Could you repeat the data word for word while skipping the pictures?

> COLLECTED MATERIAL
+===+

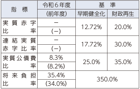 財政の健全度を示す健全化判断比率において、令和6年度決算では、実質公債費比率が8.3%、将来負担比率が35.4%となり、いずれも国が定める早期健全化基準を下回りました。
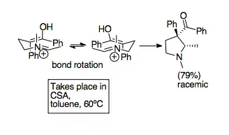 For simple aza-Cope/Mannich reactions that do not participate in ring-expanding annulation, namely condensations of amino alcohols and ethers, bond rotation occurs more quickly than the Mannich cyclization, and racemic products are observed.[14] This can be avoided by using a chiral auxiliary substituent on the amine. Reactions tethered to rings cannot undergo these bond rotations.[1]
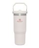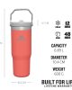 Stay refreshed with the Stanley IceFlow Flip Straw Tumbler. This 0.89L tumbler keeps drinks cold for up to 12 hours and iced for 48 hours, thanks to double-wall vacuum insulation. Designed for convenience, it features a leak-proof built-in straw, foldable handle, and fits most car and bike cup holders. Made from 18/8 stainless steel, it’s BPA-free, dishwasher safe, and comes in five stylish colors: Pink Quartz, Cedar, Guava, Iris, and Carbon. Backed by a lifetime warranty, it’s perfect for active lifestyles. Fast shipping and 30-day returns available.

+===+

> RESPONSE BELOW
 財政の健全度を示す健全化判断比率において、令和6年度決算では、実質公債費比率が8.3%、将来負担比率が35.4%となり、いずれも国が定める早期健全化基準を下回りました。
 For simple aza-Cope/Mannich reactions that do not participate in ring-expanding annulation, namely condensations of amino alcohols and ethers, bond rotation occurs more quickly than the Mannich cyclization, and racemic products are observed.[14] This can be avoided by using a chiral auxiliary substituent on the amine. Reactions tethered to rings cannot undergo these bond rotations.[1]
 Stay refreshed with the Stanley IceFlow Flip Straw Tumbler. This 0.89L tumbler keeps drinks cold for up to 12 hours and iced for 48 hours, thanks to double-wall vacuum insulation. Designed for convenience, it features a leak-proof built-in straw, foldable handle, and fits most car and bike cup holders. Made from 18/8 stainless steel, it’s BPA-free, dishwasher safe, and comes in five stylish colors: Pink Quartz, Cedar, Guava, Iris, and Carbon. Backed by a lifetime warranty, it’s perfect for active lifestyles. Fast shipping and 30-day returns available.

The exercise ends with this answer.